Communicate calmly, transparently, regularly, and empathetically: Uncertain times invite people to do more interpretation (potentially to make up concerns that may or may not be valid), and could, psychologically, result in serious anxiety and strain to mental health. As a leader, it is critical to communicate regularly, directly, slowly, calmly, and empathetically when sharing news, and to do so across visual mediums (ideally in person or via WebEx or Zoom). Moreover, it is critical to state what you do know — and also what you do not know — so as to give those under you the knowledge that they can trust the information you are sharing.
During March and April 2020, I held three Town Hall Meetings and sent over a dozen company-wide emails. In all cases, I worked hard to remove any “corporate speak” from my messages and share information with sincerity and empathy. I worked hard to anticipate the personal impact to my team, such as unfortunately having to work a bit harder as we had to let a majority of our contractors go to preserve employees’ jobs and precious capital.
In summary, crisply delivering relevant messages, and the manner in which a leader communicates in a crisis, will directly impact morale, resilience, and performance.
Optimize strategy for both the short and long term: Uncertain times require leaders to think not only in the moment, but also to anticipate what the organization or business will look like 1, 3, 5, and 10 years after the crisis. In my lifetime, there have been military conflicts fought with no post-conflict governing strategy, leading to years of ongoing, more dangerous conflict after. In business we have seen companies double down on their core short-term strategy during challenging economic times only to be displaced by innovators or emergent startups.

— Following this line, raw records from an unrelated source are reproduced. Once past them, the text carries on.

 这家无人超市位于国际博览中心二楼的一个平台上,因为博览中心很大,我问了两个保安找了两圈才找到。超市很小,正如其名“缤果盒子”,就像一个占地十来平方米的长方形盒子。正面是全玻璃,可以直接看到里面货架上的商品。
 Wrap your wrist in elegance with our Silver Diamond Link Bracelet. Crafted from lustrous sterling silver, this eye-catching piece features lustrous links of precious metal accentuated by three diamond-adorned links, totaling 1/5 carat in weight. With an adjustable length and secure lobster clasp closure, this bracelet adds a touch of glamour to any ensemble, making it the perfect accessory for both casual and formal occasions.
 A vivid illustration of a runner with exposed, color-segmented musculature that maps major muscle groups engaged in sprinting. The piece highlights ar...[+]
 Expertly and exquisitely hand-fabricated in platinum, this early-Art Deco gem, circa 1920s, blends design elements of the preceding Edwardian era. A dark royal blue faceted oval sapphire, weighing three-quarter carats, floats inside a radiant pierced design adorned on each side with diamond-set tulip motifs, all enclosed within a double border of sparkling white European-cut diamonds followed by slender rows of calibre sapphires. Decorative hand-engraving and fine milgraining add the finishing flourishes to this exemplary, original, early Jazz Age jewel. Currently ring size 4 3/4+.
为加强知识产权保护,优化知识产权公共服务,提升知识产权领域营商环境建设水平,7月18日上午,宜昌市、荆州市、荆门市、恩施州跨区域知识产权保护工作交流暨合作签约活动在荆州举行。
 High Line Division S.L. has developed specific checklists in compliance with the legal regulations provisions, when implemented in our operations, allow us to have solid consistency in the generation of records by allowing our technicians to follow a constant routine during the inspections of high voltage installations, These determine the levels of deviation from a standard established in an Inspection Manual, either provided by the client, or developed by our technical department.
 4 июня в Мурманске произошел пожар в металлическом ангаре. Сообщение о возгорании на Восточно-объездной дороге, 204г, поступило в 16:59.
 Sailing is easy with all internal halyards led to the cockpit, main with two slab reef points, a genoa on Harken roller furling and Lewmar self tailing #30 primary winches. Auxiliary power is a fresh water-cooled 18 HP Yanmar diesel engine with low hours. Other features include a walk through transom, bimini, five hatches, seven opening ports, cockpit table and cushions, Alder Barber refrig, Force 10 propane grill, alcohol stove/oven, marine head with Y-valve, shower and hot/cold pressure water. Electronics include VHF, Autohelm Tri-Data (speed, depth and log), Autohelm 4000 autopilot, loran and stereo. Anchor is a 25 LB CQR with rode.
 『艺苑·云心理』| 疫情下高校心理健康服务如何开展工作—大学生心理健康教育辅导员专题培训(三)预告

In the early days of COVID, a temptation would have been to reduce spending on marketing campaigns and to delay our Clinical Communications Suite product launch. While it was unpopular from a financial perspective, we decided to proceed in anticipation of the future needs of our prospective and current customers for enhanced mobility tools. This was a hard decision, but one that sets PatientKeeper up for success for many years beyond the conclusion of this pandemic.
Reject politics, perception, optics, narratives: A leader has to be able to decipher factual information from opinions that may be motivated by “political” or “optical” considerations. This could not be more critical than when faced with a crisis. Using a “narrative” of a crisis to influence a decision or for political gain is not a characteristic of a strong leader.

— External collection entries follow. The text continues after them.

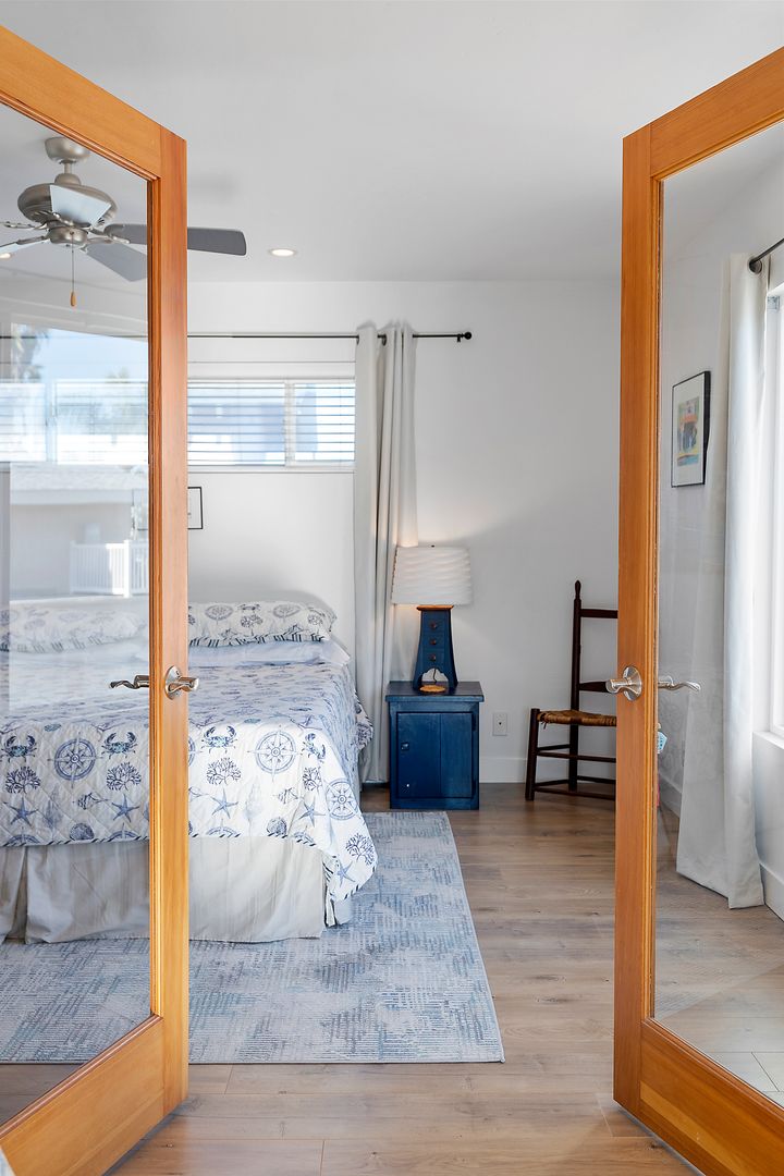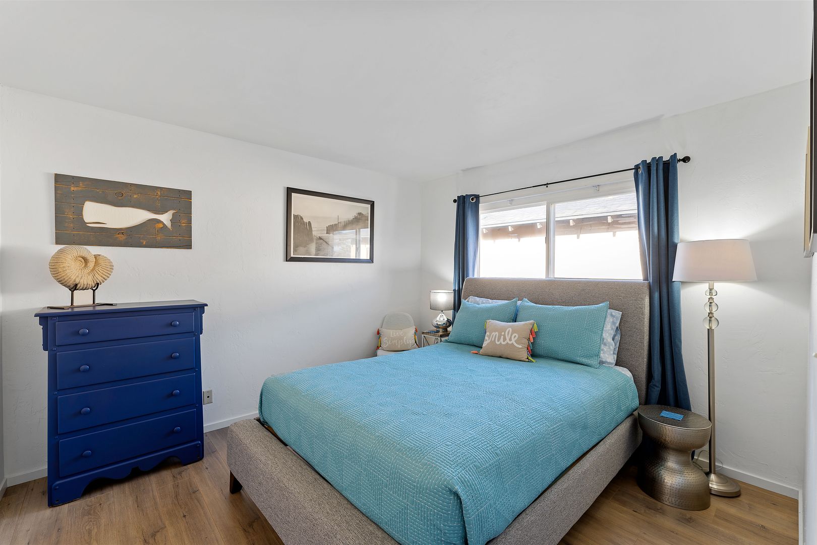 Enter into the property to be greeted by the open concept living room, dining area and kitchen!! This home has been beautifully decorated to create the perfect combination of beach house, luxury and relaxation. The living room has a flat screen TV and plenty of comfortable seating. The dining table is so adorable with a unique shell chandelier hanging over. The kitchen has all stainless steel appliances, a keurig coffee maker, and so much counter space! The kitchen island is where you will find the kitchen sink and additional bar seating for three. There is one bedroom on the first floor with a queen sized bed and a sliding glass door to the spacious backyard.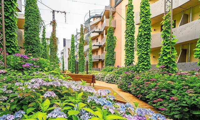 Öffentlich zugänglich ist dieser Innenhof nicht, um den sich 44 Wohnungen gruppieren. Doch er leistet seinen Beitrag zum Stadtklima. „Wir brauchen Pflanzen, die uns helfen, die City abzukühlen“, erklärt der Fachmann und verweist auf die inzwischen hüfthoch wachsenden Hortensien, deren Blüten im Sommer acht Wochen lang Farbenpracht in blau, violett, weiß und rosa in den Hof gebracht haben.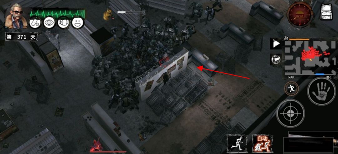 2.塞勒姆超市一楼。这位置跟新纽西超市一楼很像,但卡法不同。人物还是走到箭头处,用武器(推荐用枪)朝右下方怪攻击,使人物索敌攻击并强制移动,就进墙了。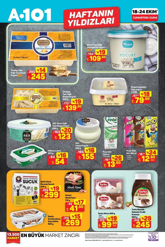 A101 Haftanın Yıldızları aktüel ürünler kataloğu 18 Ekim–24 Ekim 2025 tarihleri arasında geçerlidir. A101 broşürü 5 sayfadan oluşmaktadır. Bu haftaki katalog gıda ve kişisel bakım ürünleri ağırlıklı.
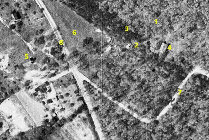 Hall entrance road; 8, Gunston Road. (Base photo is a detail from a U.S. Soil Conservation

I have repeatedly messaged to my organization that “perception is not reality, reality is reality.” As a leader, basing decisions on facts and insulating myself from “spin” and “politics” that could cloud my decision-making has been one of the tenets upon which I’ve built my career. Sharing this philosophy openly allows those around me to confidently share information in a “safe” environment without concern for perception or judgment. This allows for faster, more effective, and collaborative decision-making that is critical when faced with an uncertain situation.

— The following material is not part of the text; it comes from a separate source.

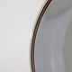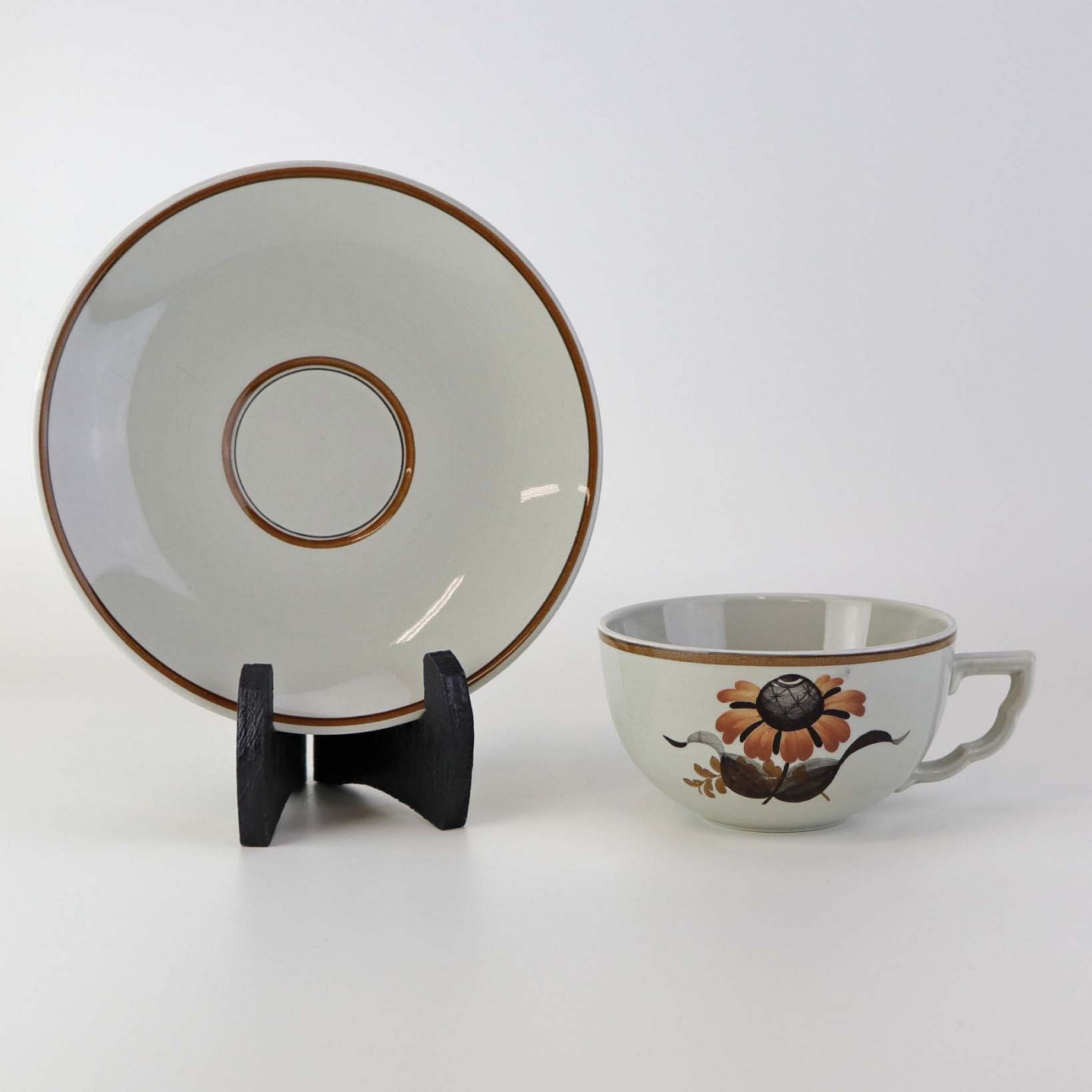 Fajancestellet er i stelformen Viktoria II med dekoration af orangebrune blomster på gråtonet baggrund med brun kant.

Can you please give us your favorite “Life Lesson Quote”? Can you share how that was relevant to you in your life?
“You can’t be everything to everyone.” A professional mentor shared this with me early in my career. It helped me to grow as a leader, to be ‘laser-focused’ and, most importantly, to not let politics, drama, or emotions impede progress, especially in a crisis situation. I carry this mantra with me both inside the workplace and at home.